The disclosure is not intended to be limited to the implementations shown herein. Various modifications to the implementations described in this disclosure may be readily apparent to those skilled in the art, and the generic principles defined herein may be applied to other implementations without departing from the spirit or scope of this disclosure. The teachings of the invention provided herein can be applied to other methods and systems, and are not limited to the methods and systems described above, and elements and acts of the various embodiments described above can be combined to provide further embodiments. Accordingly, the novel methods and systems described herein may be embodied in a variety of other forms; furthermore, various omissions, substitutions and changes in the form of the methods and systems described herein may be made without departing from the spirit of the disclosure. The accompanying claims and their equivalents are intended to cover such forms or modifications as would fall within the scope and spirit of the disclosure.

Claims

1. (canceled)

2. (canceled)

3. (canceled)

4. (canceled)

5. (canceled)

6. (canceled)

7. (canceled)

8. (canceled)

9. (canceled)

10. (canceled)

11. (canceled)

12. (canceled)

13. (canceled)

14. (canceled)

15. (canceled)

16. (canceled)

17. (canceled)

18. A method for producing layered tissue constructs, comprising a controller, a set of platforms, and a set of stations;

the controller generating a first control signal to result in platforms indexing between stations;

generating additional control signals to position each platform relative to each station;

generating additional control signals to result in material dispensed at one or more stations in defined patterns simultaneously;

until all platforms have sequenced through all stations for all layers as required,

forming complete tissue constructs on each platform.

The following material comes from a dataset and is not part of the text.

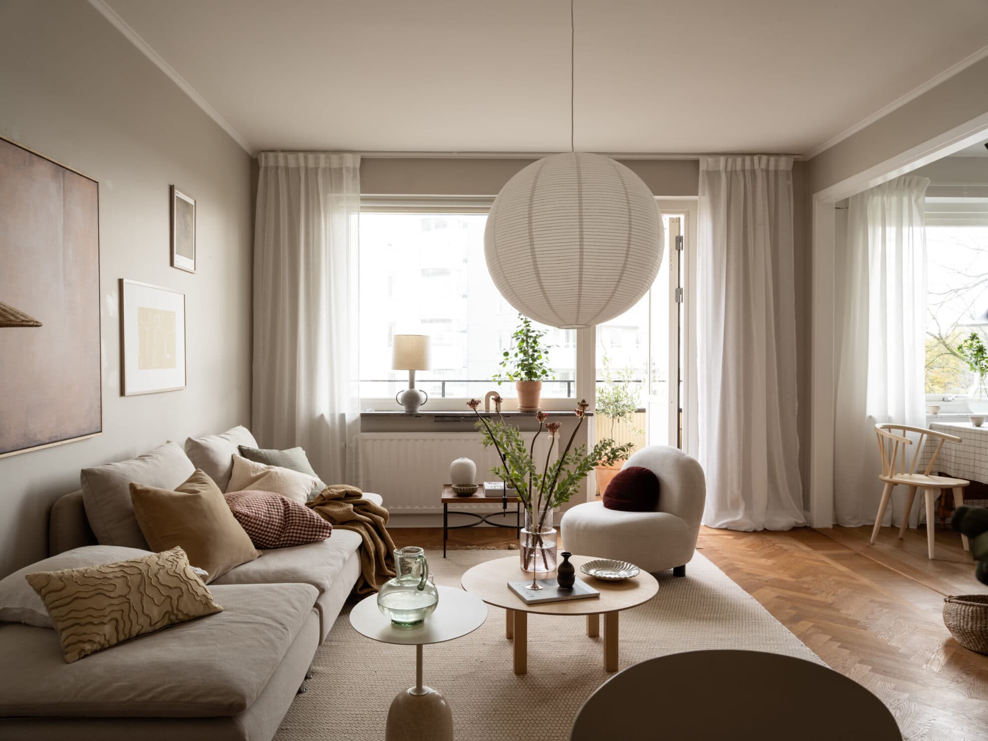 Rymligt vardagsrum med generös takhöjd och vacker fiskbensparkett som ger rummet både värme och karaktär. Den öppna planlösningen mot köket skapar en social och ljus atmosfär, perfekt för både vardag och fest. Från vardagsrummet når man balkongen i sydostläge, där morgonsolen strålar in och förlänger vardagsrummet under sommarhalvåret. En plats som förenar stil, ljus och charm på ett alldeles speciellt sätt.

19. Method of claim 18, where the controller acquires inspection information from one or more stations related to the partially formed or finished tissue constructs.

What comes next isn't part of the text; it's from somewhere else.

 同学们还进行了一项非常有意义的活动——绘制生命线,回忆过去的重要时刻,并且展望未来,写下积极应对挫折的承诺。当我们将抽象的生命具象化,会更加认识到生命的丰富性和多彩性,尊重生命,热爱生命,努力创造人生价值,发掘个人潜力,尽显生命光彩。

20. A method of producing layered tissue constructs, carried out by a computer, comprising steps:

positioning platforms in relation to stations;

directing one or more stations to perform material dispensing operations for a layer of a tissue construct on each platform;

and sequencing the platforms and stations to successively form all layers of all tissue constructs, patterns and sequences for depositing layers computed or recalled from computer memory.

21. Method of claim 20, with the computer acquiring inspection information from one or more stations related to the partially formed or finished tissue constructs.

22. A method for producing tissue constructs formed of one or more materials,

dispensed or applied in patterned layers

on build plates or print surfaces on each of two or more platforms,

sequenced or indexed through two or more stations, the method comprising: performing dispensing, mechanical modification, chemical modification, biological modification, or inspection operations;

operations of stations and relative positioning of platforms and stations directed by signals from a controller; and

causing station operations on platforms to be performed simultaneously,

for each patterned layer until all layers have been applied in sequence to all tissue constructs on all platforms.

23. Method of claim 22, where the sequencing of platforms through stations is performed synchronously.

24. Method of claim 22, where the sequencing of platforms through stations is performed asynchronously.

25. Method of claim 22, where the stations are held in stable positions, while the platforms are positioned relative to stations.

26. Method of claim 22, where the platforms are held in stable positions, while the stations are positioned relative to platforms.